Se você nunca ouviu falar sobre leis do universo, senta aqui, vamos conversar. Você pode achar isso tudo muito doido, ou muito esclarecedor; de qualquer forma te peço que abra seu coração para o que vou contar. 

As leis do universo formam um sistema eterno que rege o universo (essa definição foi bem prolixa) e as consequências de todas as ações praticadas. Elas não estão escritas em lugar algum, nem pertencem a nenhuma religião específica (embora algumas pessoas gostem de chama-las de princípios bíblicos). Simplesmente estão em prática desde que o mundo é mundo. São tão sérias que ciências como física quântica e metafísica tem linhas de estudo específicas sobre o assunto. 

Já viu aquelas experiências com as palavras positivas e negativas, ou a chamada "lei da atração", por exemplo? Então, leis do universo. Mesmo que você seja cético quanto à isso, elas continuam agindo na sua vida. Não tem como fugir. 

Dito isso, eu venho sendo muito confrontada por uma delas, justamente a primeira lição que me ensinaram na vida: 

Ame o seu próximo como a si mesmo
Marcos 12:31 

Preciso ser sincera e contar que com o tempo me tornei realmente boa nisso (amar ao próximo)! Já falei algumas vezes sobre como encontro um propósito gigante no ajudar pessoas e como é impossível enxergar alguma versão da minha vida onde me sinto completamente feliz e completa se não estiver contribuindo para que alguém seja melhor de alguma maneira. 

No geral, todos nós nos importamos com as pessoas ao nosso redor (se você tem dificuldades em sentir que ama as pessoas, fica calmo que logo chegamos aí).
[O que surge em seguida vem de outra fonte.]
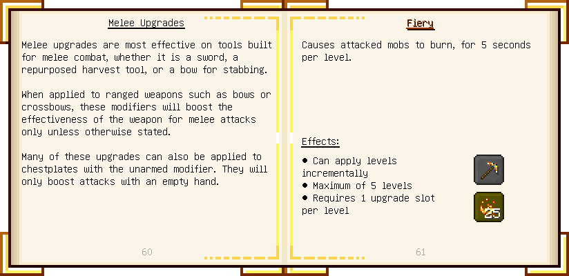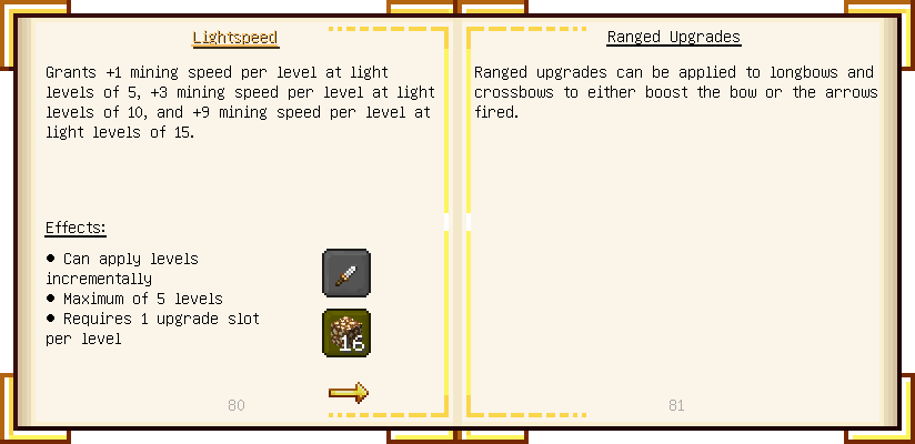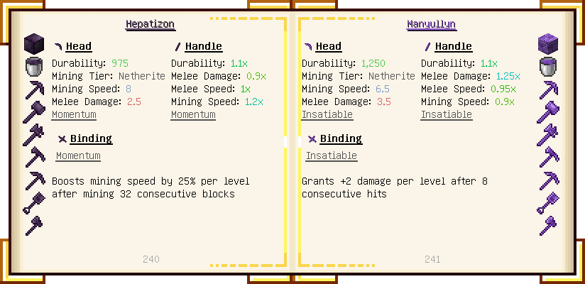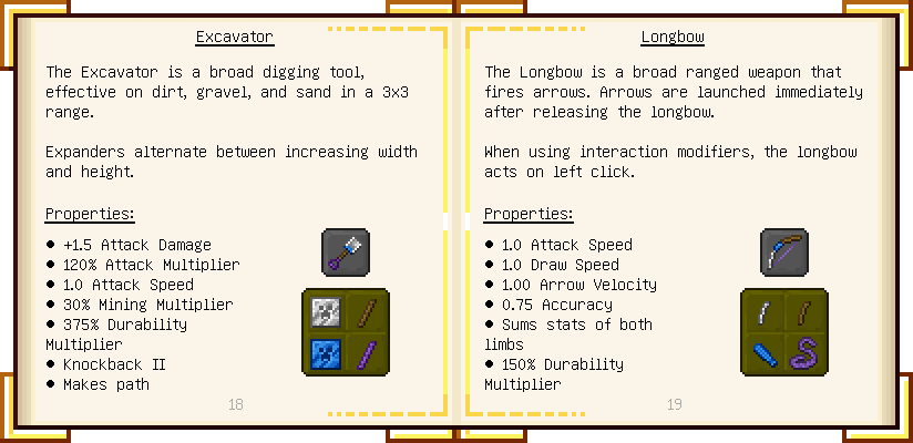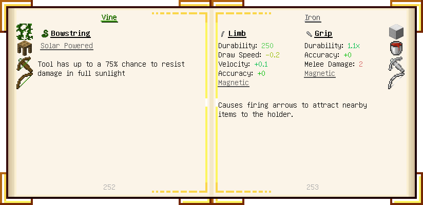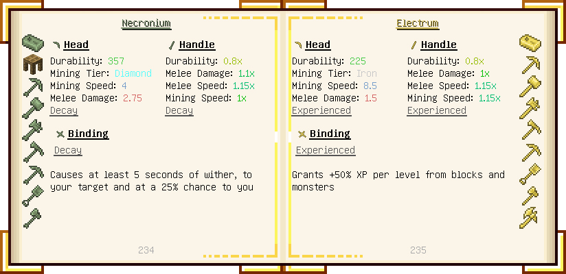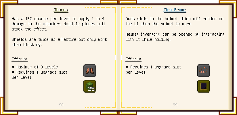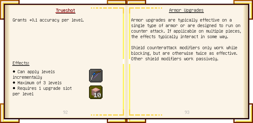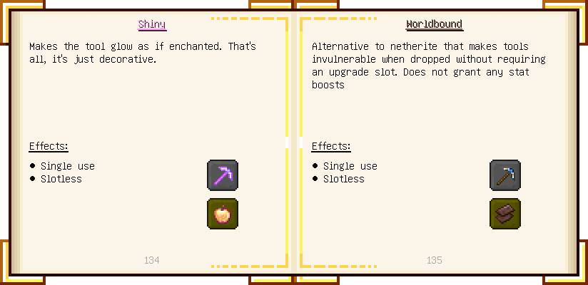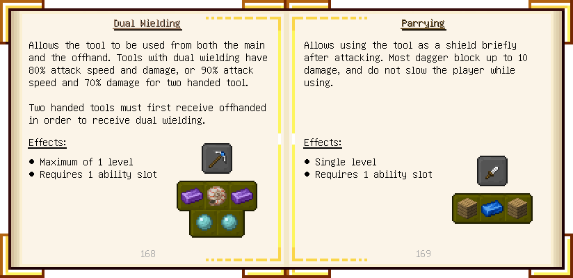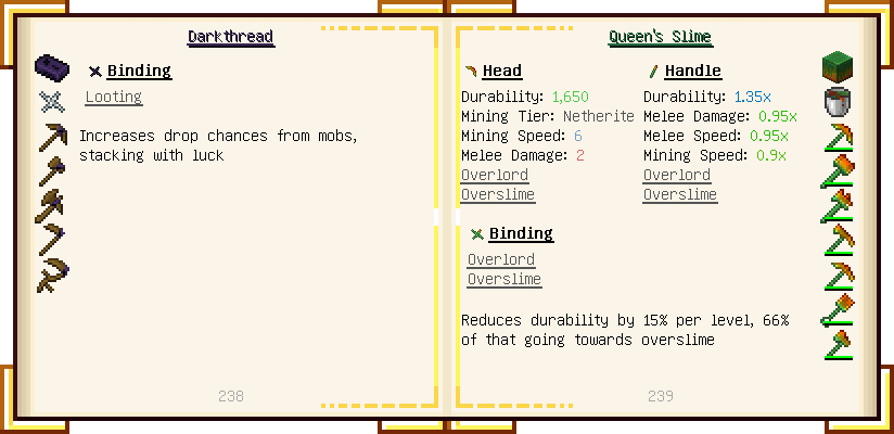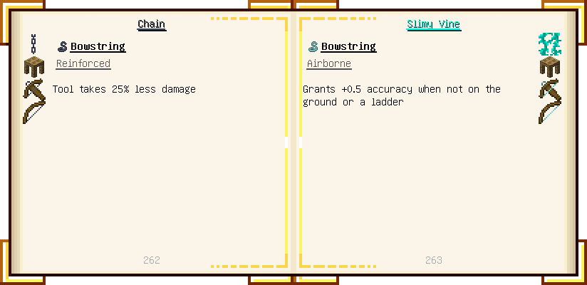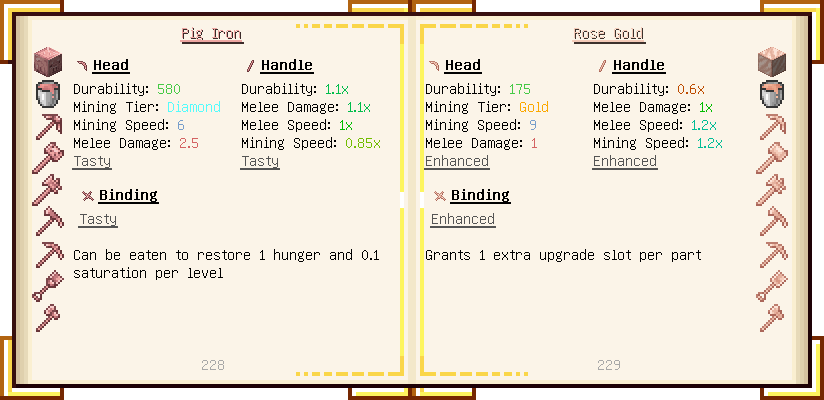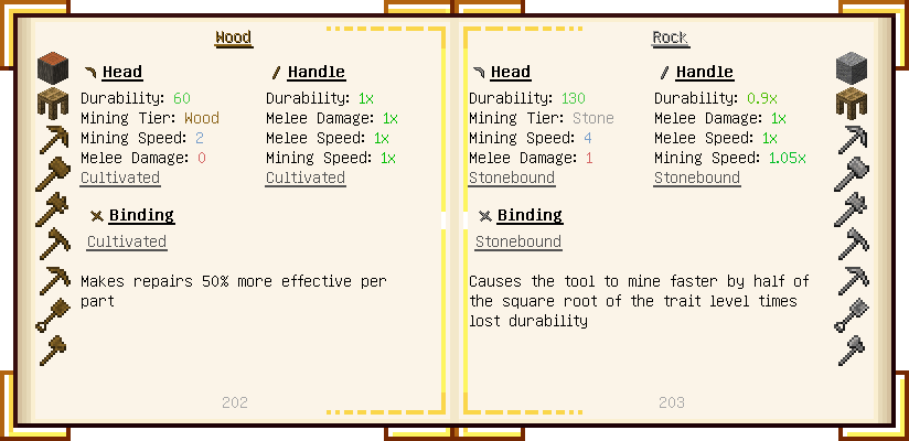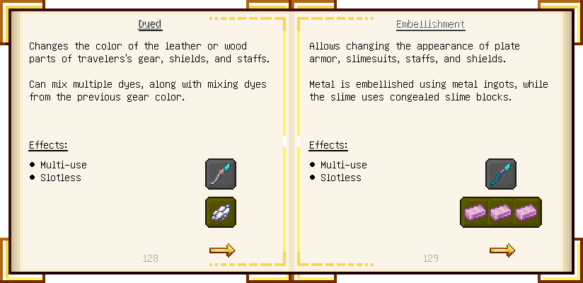 Home / Documentation / Book Index / 1.18 / Encyclopedia of Tinkering Encyclopedia of Tinkering (1.18) Tinkers' Gadgetry See below for images of all pages in Encyclopedia of Tinkering. Click a page to view in gallery mode. Tools Armor Upgrades Defense Slotless Abilities Melee Harvest Materials Ranged Materials Slimeskulls

Ao menos com as pessoas realmente próximas. Melhores amigos e família, no mínimo. Deixar essas pessoas felizes, fazendo com que elas se sintam amadas e especiais é um desejo natural. E bem saudável! Estamos amando o próximo e seguindo essa lei do universo, ótimo! Certo?

O maior erro no "amar ao próximo"

Errado. Bom, no meu caso era errado. Mesmo passando a vida estando constantemente pensando em maneiras de levar amor ao próximo, eu estava interpretando esse texto de maneira errada. Se formos analisar a frase, existe uma certa linha de proporcionalidade nela. "Amar ao próximo como a si mesmo", entenderam o que eu quero dizer? 

É como se fosse assim: se você se ama 50%, é capaz de amar ao próximo à 50%; se você se ama 100%, é capaz de amor ao próximo à 100%; se você se ama 10%, é capaz de amor ao próximo à 10%. É sempre essa linha de proporcionalidade. A lei age em uma medida de proporção. 

Então, como é possível amar ao próximo quando a gente não se ama? 

Refletindo e passando algumas tantas horas rolando na cama sem sono, percebi que muita gente (incluindo eu) sofre dessa questão em algum grau. Mesmo que você não tenha uma repulsa completa por si mesmo, é meio impossível encontrar alguém que se ame completamente. Então, se a gente não se ama completamente e o amor funciona numa linha de proporção, quer dizer que não estamos conseguindo amar as pessoas por completo. 

Pois é, estamos amando errado. 

Tentando entender melhor a maneira como eu e o mundo experienciamos esse sentimento tão comentado, podemos chegar em dois grupos gerais: os indisponíveis emocionalmente e os dependentes emocionalmente.

Você pode não se encaixar completamente em um deles, mas todos nós (T-O-D-O-S) temos ao menos nuances de algum. 

Quem são os indisponíveis emocionalmente? 

É importante falar que eu não me encaixo nesse grupo. Então, as observações aqui feitas vem da convivência com pessoas indisponíveis emocionalmente, conversas com psicólogos, muitos artigos lidos e observação de relacionamentos onde uma das partes era definida dessa maneira. Então, se você é ou conhece alguém que é indisponível emocional, por favor, fale mais sobre isso nos comentários

Alguém indisponível emocionalmente tem grandes dificuldades em criar conexões genuínas com as pessoas e realmente sentir amor por elas. Não apenas aquele amor romântico, mas também o que sentimos pelos nossos pais e amigos. Aquilo que faz com que nos importemos de forma legítima com alguém. 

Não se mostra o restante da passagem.